NEW INTERNATIONAL LIBRARY OF GROUP ANALYSIS FOREWORD
Earl Hopper
The study of the social unconscious and the applications of our understanding of it, especially in clinical work, is one of the characteristics of Group Analysis, which distinguishes it from other schools of psychoanalytical or psychodynamic group psychotherapy (Hopper & Weinberg, 2011). The concept of the social unconscious is embedded in a field theory of considerable scope. However, the utility of this theory depends on an observer's use of binocular vision, the gestalt of his perceptions, and/or the specification of his particular frame of reference, which leads to the focused selection of particular facts from the totality of the magna, the oneness of the universe. The main elements of the social unconscious are the sociality, relationally, and collectivity of human nature, as well as their manifestations in the transgenerational foundational matrices of their socio-cultural groupings. Of course, the restraints and constraints of the human body on the personalities of human beings, and of the human species on society and culture and their component institutions, are also of vital importance. Power structures and power differentials are central in the socialisation processes of all matrices, including those that develop in clinical work. It is, therefore, inevitable that, to a degree, psychotherapeutic work will be political work and perhaps vice versa. The individual person is indeed social through and through: persons engage in interpersonal relations but such relations are in essence transpersonal.

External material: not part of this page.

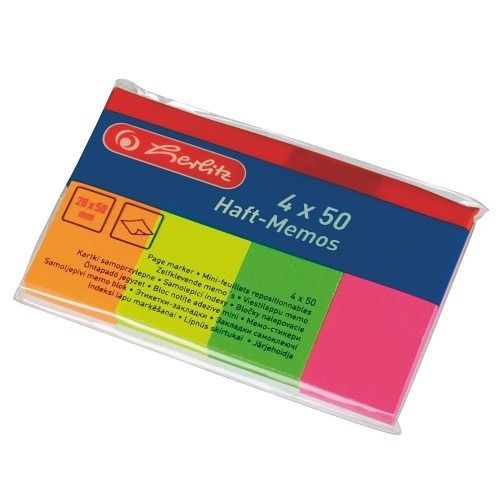 Samolepicí bloček 20x50 mm/50listů, 4ks barevný (Herlitz)

By now, it has become axiomatic that the one and the many are completely intertwined (Tubert-Oklander, 2014). Nonetheless, very few of us seem to appreciate the complexity of the issues involved and the depth of the problems and insights that have been brought to bear in our attempts to solve them. Martin Weegmann is not a member of the cult of group analysts who espouse theories of the social unconscious as a cri de coeur of his professional identity. He is entirely committed to the struggle of engaging with his clients and patients in an attempt to understand how their lives and relationships have been co-constructed by social facts, and, in turn, how they have co-constructed their more intimate environment. Weegmann is especially concerned with explaining how these processes become crystallised in more immediate situations, and, thus, how they are available for repetition in clinical work. Although he is prepared to go where it is hottest, he also understands how equivalence is the product not only of projective and introjective identification, but also of unconscious narratives of helplessness and powerlessness, as well as of the search for a clinical guide, who is prepared to listen and to hear, to look and to see, and perhaps empathically to share.

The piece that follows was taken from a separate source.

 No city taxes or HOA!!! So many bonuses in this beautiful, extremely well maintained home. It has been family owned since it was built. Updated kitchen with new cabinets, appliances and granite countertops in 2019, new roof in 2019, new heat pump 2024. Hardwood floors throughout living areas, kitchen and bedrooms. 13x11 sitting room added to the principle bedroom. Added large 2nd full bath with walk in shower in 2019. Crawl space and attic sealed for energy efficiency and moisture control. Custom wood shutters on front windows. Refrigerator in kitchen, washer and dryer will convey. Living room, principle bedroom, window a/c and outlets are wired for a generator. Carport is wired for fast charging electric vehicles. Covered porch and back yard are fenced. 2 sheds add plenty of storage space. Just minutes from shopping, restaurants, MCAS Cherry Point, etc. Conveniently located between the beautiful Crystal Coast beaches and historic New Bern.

Martin Weegmann has acquired an unusual set of professional qualifications and skills. A sociologist and social theorist, a philosopher, a psychodynamic psychotherapist and group analyst, he clearly prefers Foucault to Freud, Lacan to Klein, Kohut to Kernberg, and Foulkes to Bion. He was introduced to Group Analysis by Stephen Coghill and Harold Behr through a block training in Manchester under the auspices of the Institute of Group Analysis in London. Martin is indebted to Malcolm Pines for intellectual stimulations in their active exchange of ideas. His clinical experience is deeply coloured by his work with substance misusers and those with personality disorders in a range of NHS settings, including the Henderson Therapeutic Community.
To me, it is important to recognise that Martin is an artist, photographer, and musician, with an interest in gardens and the natural world. He understands that, like a garden, a group requires the exercise of benign authority. I suspect that he understands that whilst a garden is structured out of nature, it also remains a part of it. In fact, he appreciates that the person and his groupings are transitional figurations who live between the dominion of the dead (Harrison, 2003) and a world that can be defined in terms of the ability and willingness to exercise the transcendent imagination (Hopper, 2003). Weegmann is alert to the dilemma and paradox that characterise the appreciation of the power of socio-genesis and the possibilities for creativity. However, when I learned of his title for this book, The World within the Group: Essays on Group Analysis, I also heard the echoes of a few lines from "Auguries of Innocence" by William Blake (1757-1827):
To see a World in a grain of sand, And a Heaven in a wild flower, Hold Infinity in the palm of your hand, And Eternity in an hour which I (Hopper, 2003) used as an epigram for my own book of papers in the study of the social unconscious.
Martin Weegmann's book deserves to be read, and read slowly, tracing its ideas from one discipline to another and from one intellectual culture to another. The reader will not be able to avoid having to think and re-think his basic group analytical perspectives and ethical values, and to consider and reconsider the location of his clinical orientation within his general world view. I am not surprised that Edward Said is one of his intellectual mentors—if not heroes.
This carefully integrated set of papers is eclectic in the best sense of the term. The glossary is very interesting; as is the range of theorists whose work informs this illumination of society and culture in clinical work.